Nigeria will relax coronavirus restrictions on places of worship from today, the chairman of the presidential task force for Covid-19 said.
Nigeria, Africa’s most populous country where Christianity and Islam are widely practised, has recorded 10,162 confirmed cases and 287 deaths.
Boss Mustapha, the country’s most senior civil servant, also said a lockdown in the northern city of Kano would be eased, one of a number of changes over four weeks from today.
“Nigeria has not reached the peak of confirmed cases,” Mustapha told reporters.
Another official said the aviation industry had been asked to prepare for the possible resumption of domestic flights from June 21.
He added that a national curfew would be shortened to 10pm-4am from today, from the current 8pm-6am order.
Nigeria’s financial sector will also be able to resume normal working hours, said Sani Aliyu, the national co-ordinator of the task force.
Cameroon’s schools and universities reopened yesterday after the government was criticised over weak measures to combat the spread of coronavirus in one of the worst-affected countries in sub-Saharan Africa.
The government suspended classes in mid-March for universities and schools at all grade levels, both public and private.
Cameroon was the first central African country to register a case of the virus.
Meanwhile, the European Union said yesterday it was giving Uganda 178mn euros ($198mn) in credit and grants to fund its coronavirus response, including extending credit to small businesses hit by the economic crisis induced by the outbreak.
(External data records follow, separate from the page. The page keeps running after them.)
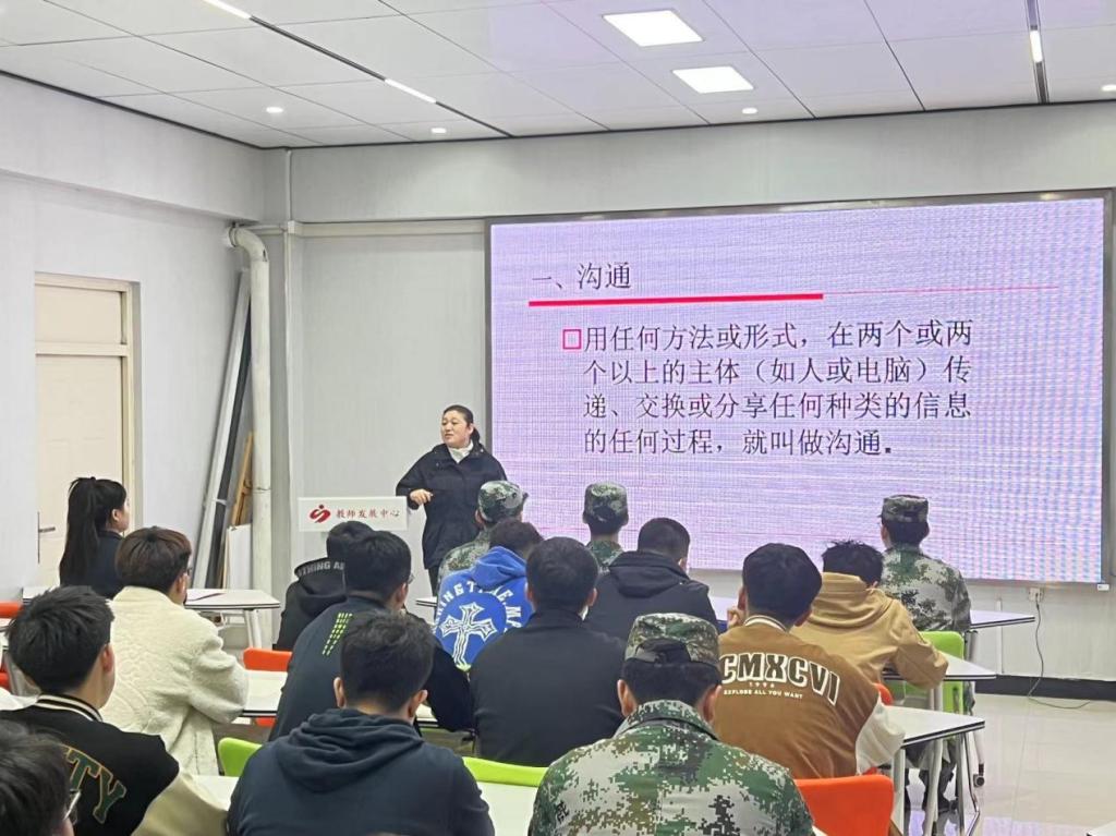 校团委书记郭明敬以《沟通从这开始》为主题进行讲座。她运用两段视频,讲述了沟通的重要性,表示沟通无处不在,许多问题都需要进行沟通;强调班长不仅仅是一班之长,同时也是班级建设的重中之重;希望同学们能积极参加社团活动,成为志愿者,珍惜第三、四学期社会实践的机会,培养沟通能力,争做四有青年。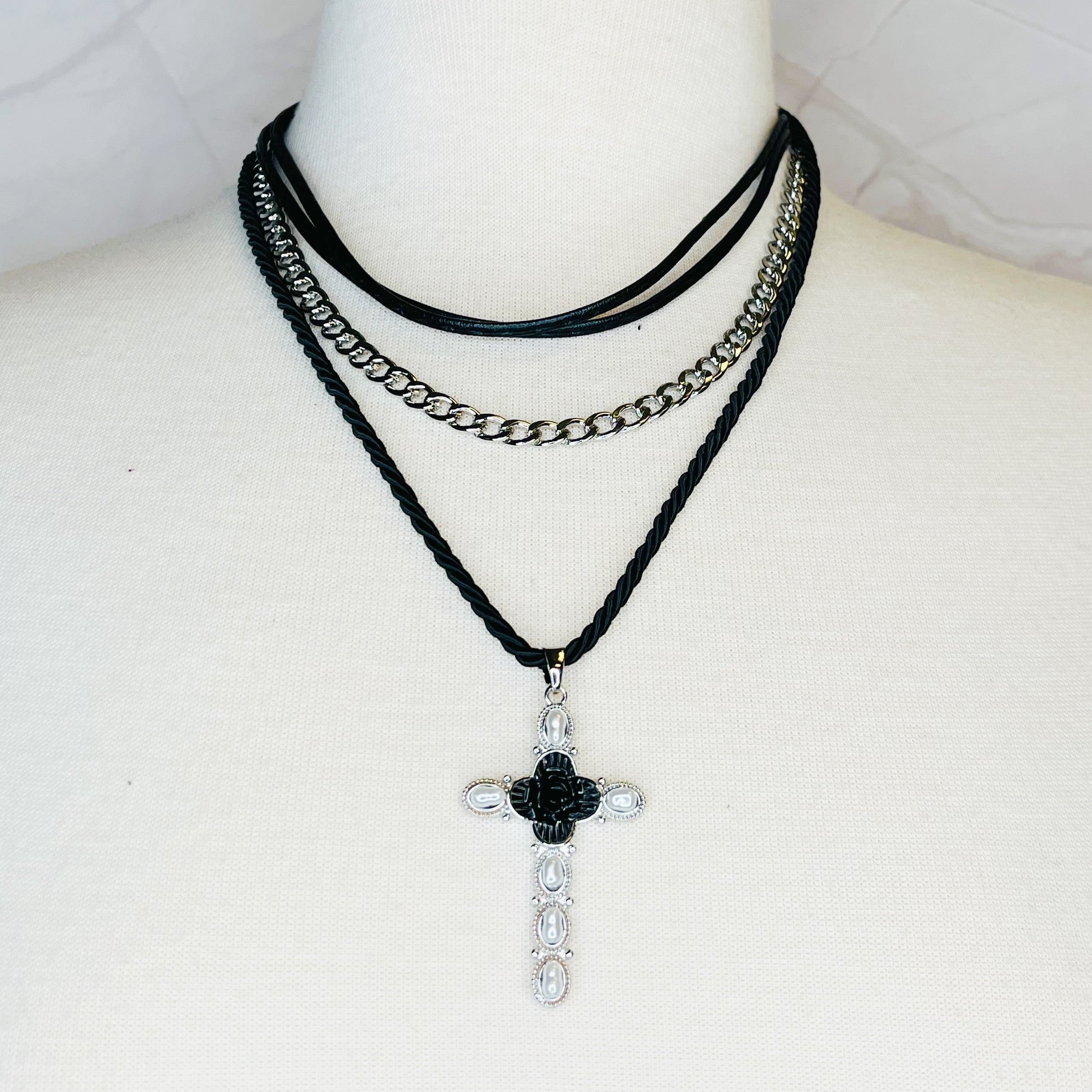 Layered Black Rose Cross Necklace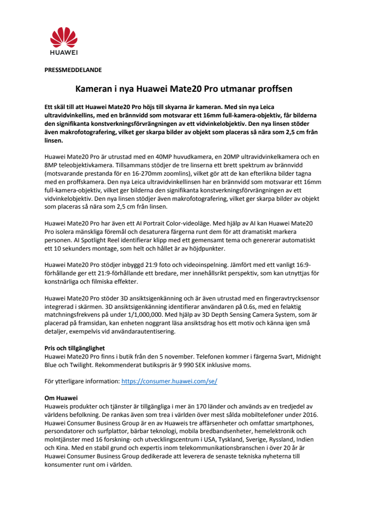 Kameran i nya Huawei Mate20 Pro utmanar proffsen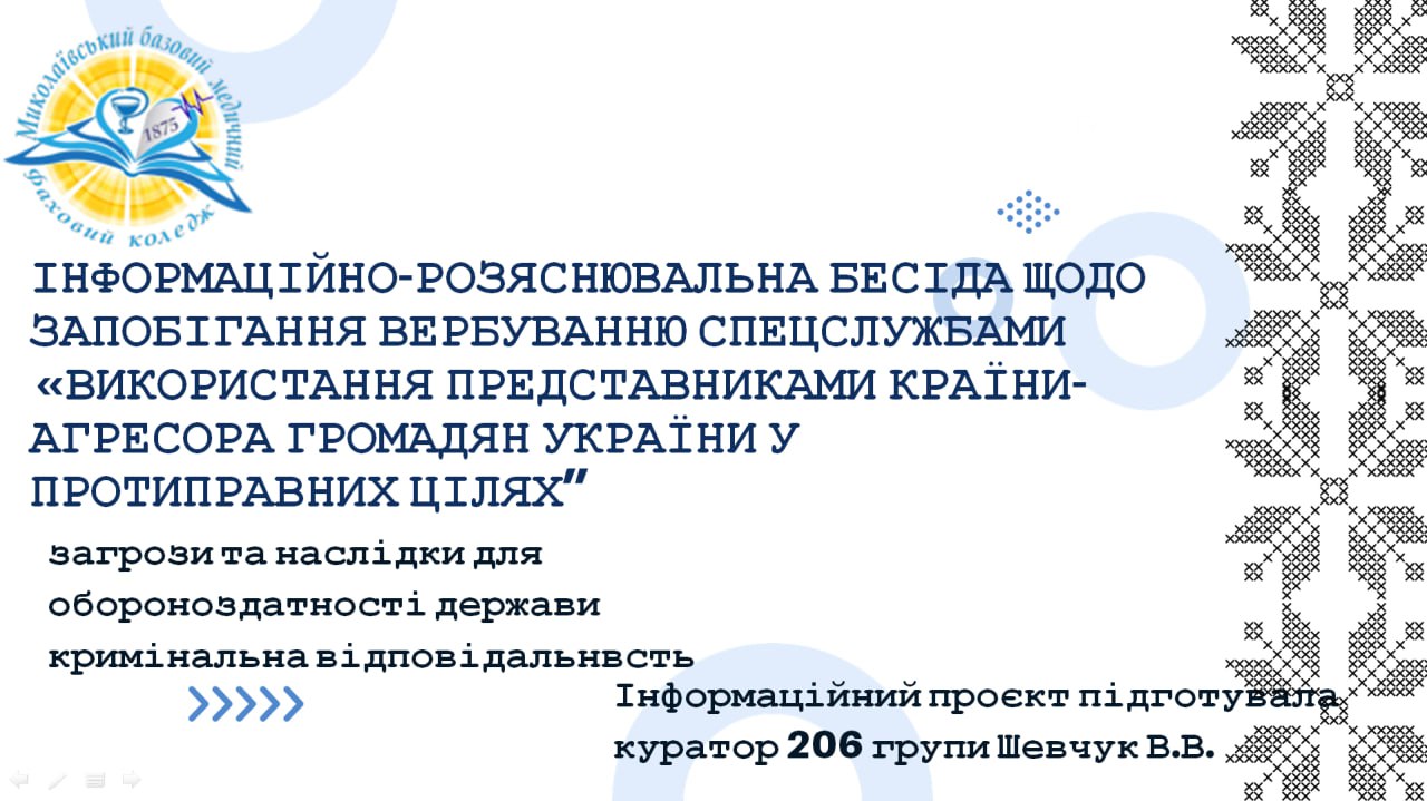 Інформаційно-роз’яснювальна бесіда щодо запобігання вербуванню спецслужбами В умовах війни Росія активно використовує інформаційні, психологічні та агентурні методи впливу, щоб залучити…

In Pretoria, South Africa’s education minister yesterday apologised for a week-long delay in reopening schools owing to a lack of “readiness”. 
Thousands of grade seven and grade 12 students had been preparing to attend the first classes in the country after two and a half months of home-schooling to limit the spread of coronavirus.
Universities in Tanzania reopened yesterday, despite a lack of clarity on the spread of coronavirus after the government decided to stop updating figures in April. As students entered dozens of campuses across Tanzania for the first time since mid-March, there were only cursory efforts to impose measures preventing the spread of Covid-19.